- Born: 15 October 1894 Melbourne, Australia
- Died: 28 April 1941 (aged 46) Alexandria, Egypt
- Allegiance: Australia
- Branch: Australian Army
- Rank: Brigadier
- Service number: VX13755
- Conflicts: First World War Second World War
- Education: Royal Military College, Duntroon
- Spouse: Ethyl Kate Petterd

= Basil Andrew =

Australian Army officer

Brigadier Basil John Andrew (15 October 1894 – 28 April 1941) was an officer in the Australian Army during both the First and Second World Wars. He was the Deputy Adjutant-General of I Australian Corps in Greece, before he died in Alexandria, Egypt, of a heart attack.

==Early years==
Andrew was born in Melbourne, Victoria, on 15 October 1894, the son of John Arthur and Catherine Mary Andrew of Launceston, Tasmania. Educated at Scotch College, Launceston, upon graduation he entered the Royal Military College, Duntroon as an Australian Army officer cadet.

==Military career==
Andrew was commissioned as an officer after the outbreak of the First World War, and was attached to the 12th Battalion of the Australian Imperial Force for active service overseas. By the war's end he had been promoted to captain.

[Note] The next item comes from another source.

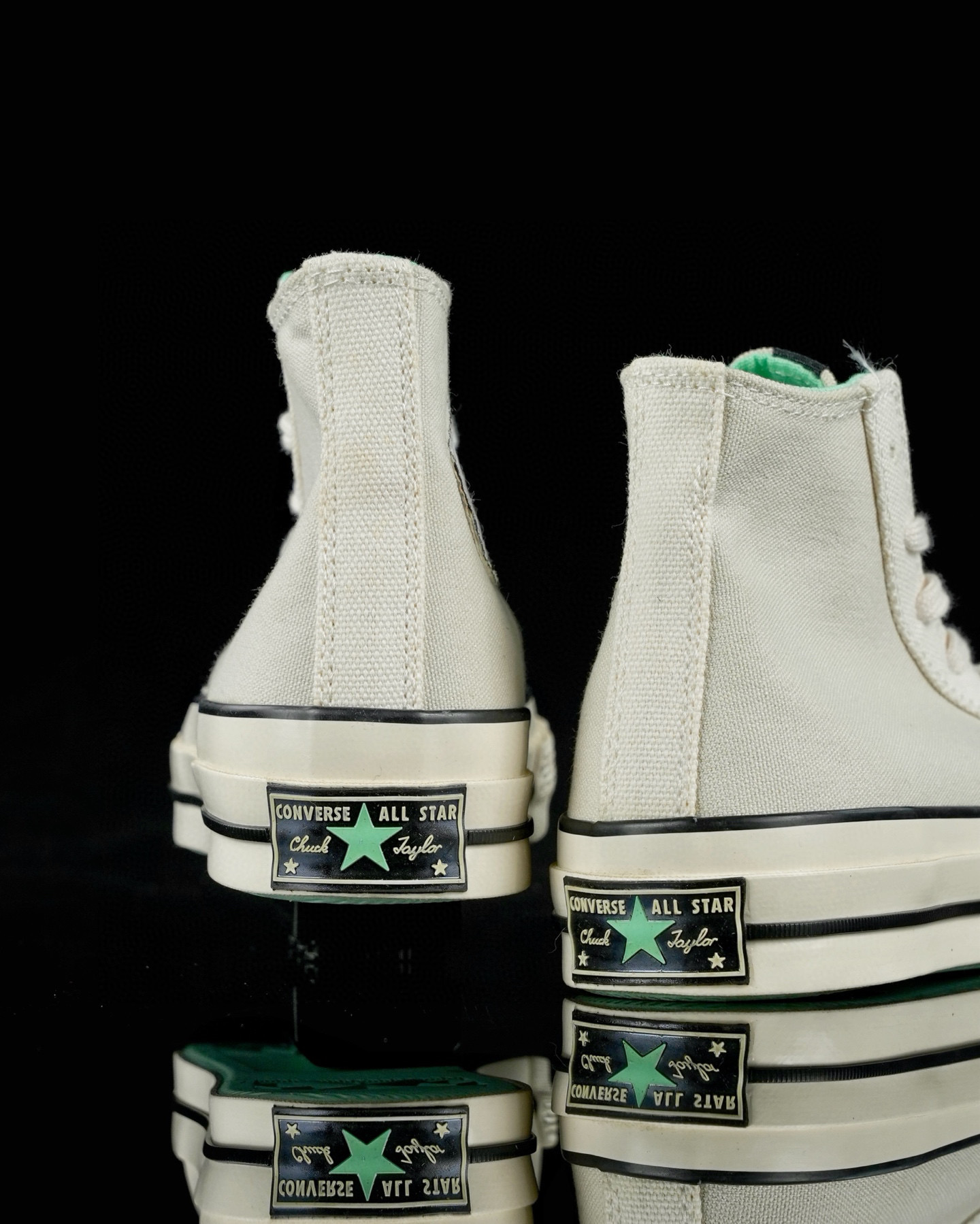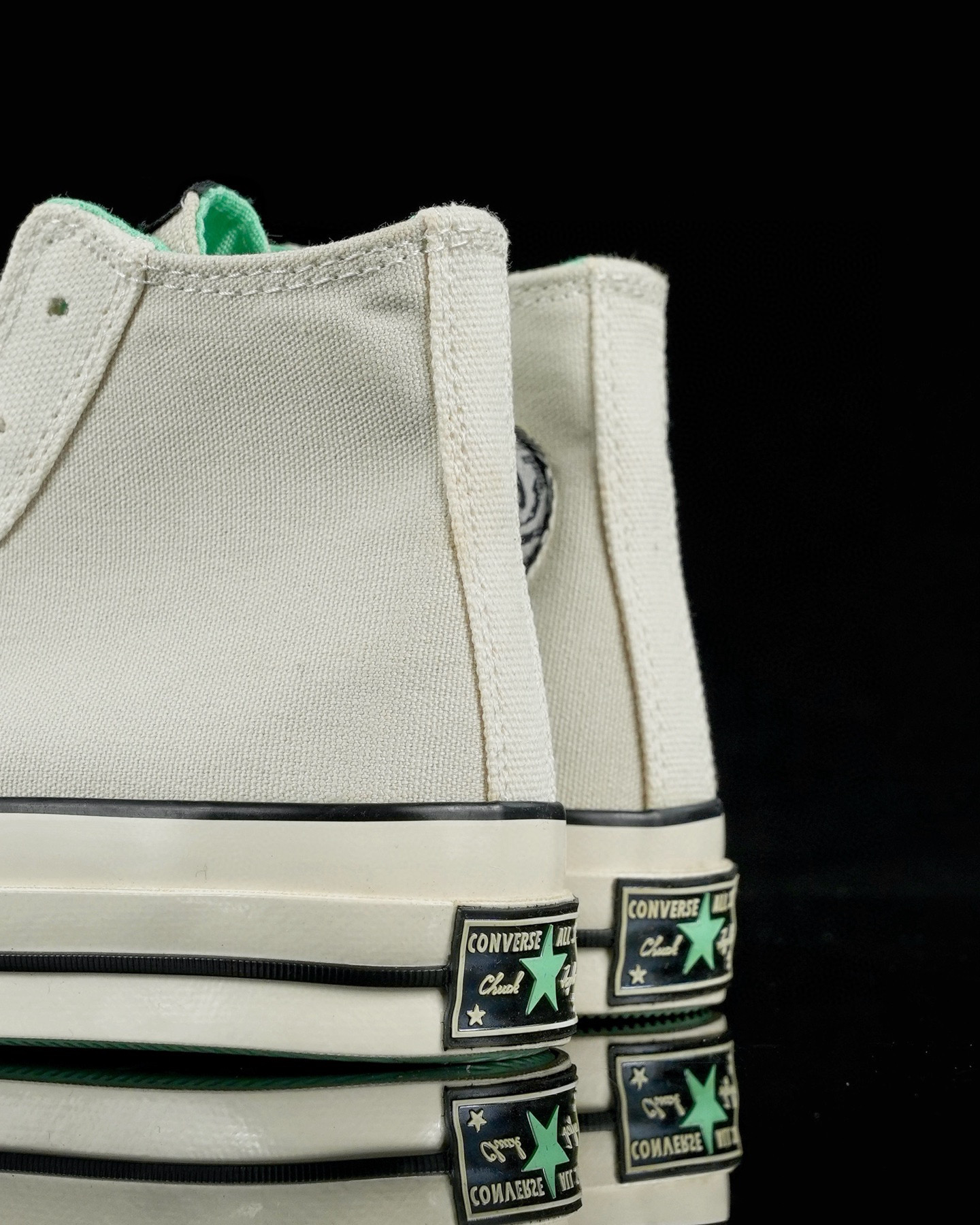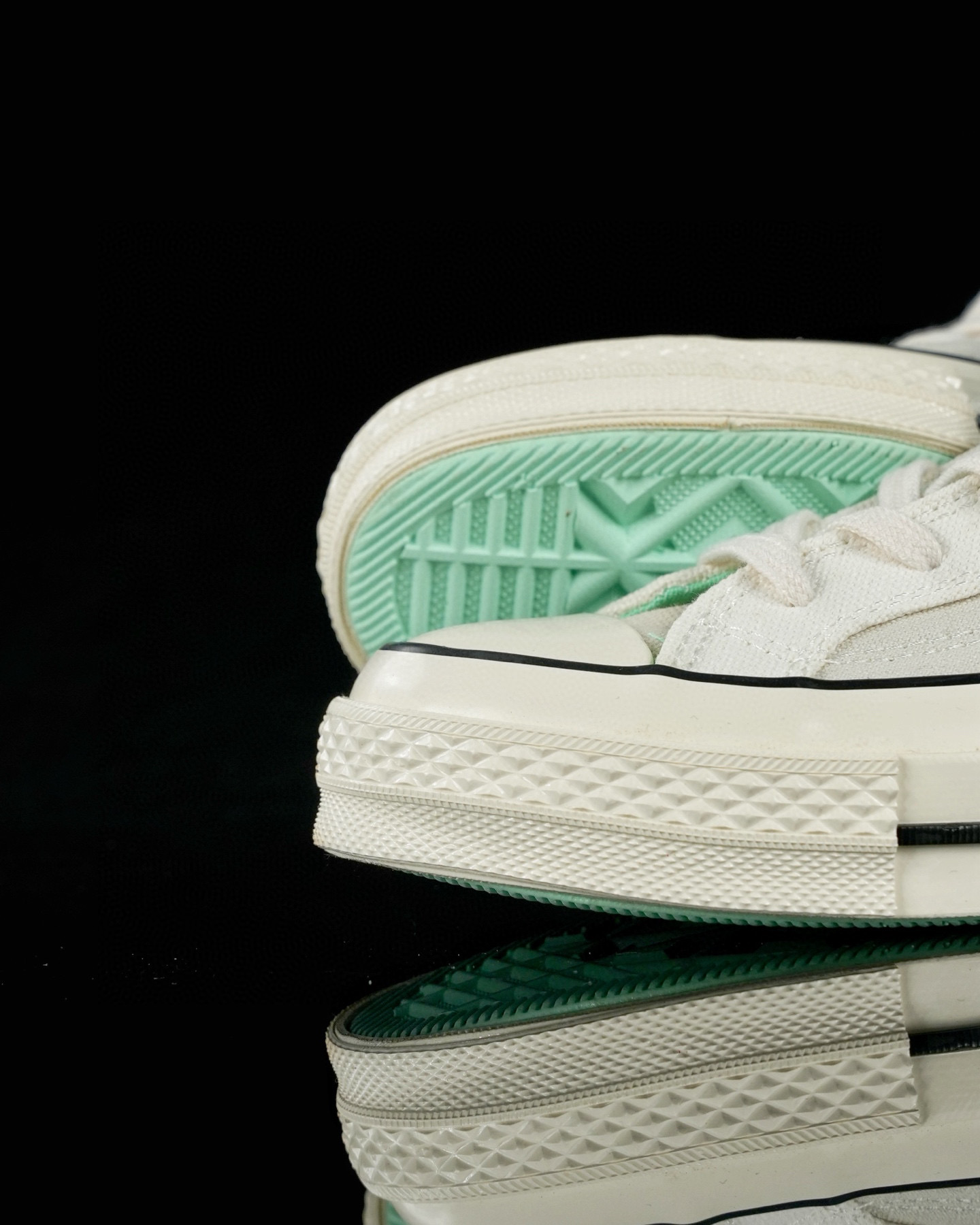 匡威70s新配色来喽,这个颜色也太高级了吧,浅灰色和白色的拼接色内里透出淡淡的果绿色,上脚简直不要太哇塞啦!

Upon returning to Australia, Andrew was stationed at Launceston, then Western Australia, South Australia and Victoria. With the outbreak of the Second World War, he served with the Australian Staff Corps.

==Personal life==
Andrew married Ethyl Kate Petterd. On 28 April 1941, he died of a heart attack and was survived by his wife Ethyl and his son John.